Ни одна женщина не допускалась в заднее помещение кафе, кроме судомойки Луизон, время от времени проходившей туда, где мылась посуда, в «лабораторию» кабачка.
Грантер, сильно навеселе, забрался в угол и выкрикивал оттуда всякую чепуху, оглушая окружающих.
– Жажда томит меня, о смертные! – орал он. – Мне приснился сон, будто с гейдельбергской бочкой случился удар, будто ей поставили дюжину пиявок и будто одна из них – я. Мне хочется выпить. Мне хочется забыться. Жизнь – кто ее только выдумал! – прегнусная штука. И длится она минуту, и цена ей грош. Станешь жить – непременно сломаешь себе на этом деле шею. Жизнь – сцена с декорациями и почти без реквизита. Счастье – старая рама, выкрашенная с одной стороны. Все суета сует, говорит Екклезиаст. Я вполне разделяю мнение милейшего старца, хотя его, быть может, никогда не существовало на свете. Нуль, не желая ходить нагишом, рядится в суету. О суета! Стремление все приукрасить громкими словами. Ты превращаешь кухню в лабораторию, плясуна в учителя танцев, акробата в гимнаста, кулачного бойца в боксера, аптекаря в химика, парикмахера в художника, штукатура в архитектора, жокея в спортсмена, мокрицу в ракообразное из отряда равноногих. У суеты есть изнанка и лицо. С лица она тупа – это негр в побрякушках, с изнанки глупа – это философ в рубище.

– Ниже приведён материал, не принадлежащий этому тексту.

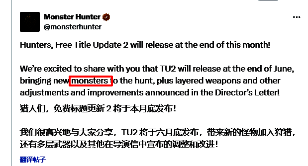 此前,卡普空发布公告预告《怪物猎人:荒野》第二弹免费更新将于6月末上线,其中包括了追加多个新怪物、武器配装等等,但是现在卡普空发布的最新的路线图中,其措辞已从复数形式的"monsters"变为单数的"additional monster",暗示怪物数量缩水剩一只,引发了部分玩家的担忧。

Я плачу над первым и смеюсь над вторым. То, что зовется почестями и высоким саном, даже настоящая честь и слава – подделка под золото. Человеческое тщеславие – игрушка для царей. Калигула сделал консулом коня, Карл Второй возвел в рыцарское достоинство жаркое. А после этого в компании консула Incitatus
и баронета Ростбифа не угодно ли кичиться чинами и орденами! Что же касается душевных качеств человека, то и они немногого стоят. Достаточно послушать панегирики, какие сосед поет соседу. Белое всегда жестоко к белому. Умей лилия говорить, непоздоровилось бы от нее голубке! Ханжа, которая судит о святоше, ядовитее ехидны и гадюки. Жаль, что я невежда, а не то я привел бы вам кучу примеров, но я ничего не знаю. Кстати, умом я никогда не был обижен. Когда я учился у Гро, то зря времени не тратил, я проводил его с пользой: картинок не мазал, а таскал яблоки. Что малевать, что воровать – один черт! Это я о себе. Впрочем, и вам всем цена не выше. Плевать я хотел на все ваши совершенства, достоинства и качества. Любое качество может обернуться недостатком: бережливый – родня скупому, щедрый – брат моту, храбрый – друг бахвала, от смиренных речей всегда отдает лицемерием. В добродетели столько же пороков, сколько дыр в плаще Диогена. Кому дарите вы восторги? Убиенному или убийце? Цезарю или Бруту? Обычно все на стороне убийцы. Да здравствует Брут, он совершил убийство! Вот это и называется добродетелью! Добродетелью – пускай, но и безумством. У этих великих мужей большие странности. Брут, убивший Цезаря, был влюблен в статую мальчика. Статуя эта была изваяна греческим скульптором Стронгилионом, резцу которого принадлежит также фигура амазонки, так называемой Эвкнемозы Прекрасноногой, которую Нерон повсюду возил с собою. От Стронгилиона остались только эти две статуи, послужившие почвой для сближения Брута и Нерона. Брут был влюблен в одну, Нерон – в другую. История – это переливание из пустого в порожнее. Один век бесцеремонно сдирает все у другого. Битва под Маренго – точная копия битвы под Пидной; Толбиак Хлодвига и Аустерлиц Наполеона похожи как две капли крови. Я не придаю победе никакого значения. Побеждать – глупейшее занятие. Не победить, а убедить – вот что достойно славы. А ну-ка, попробуйте хоть что-нибудь доказать! Но вам достаточно преуспевать и покорять. Какая посредственность, какое ничтожество! Увы, куда ни глянь, всюду тщета и низость. Все подчиняется успеху, даже грамматика. «Si volet usus»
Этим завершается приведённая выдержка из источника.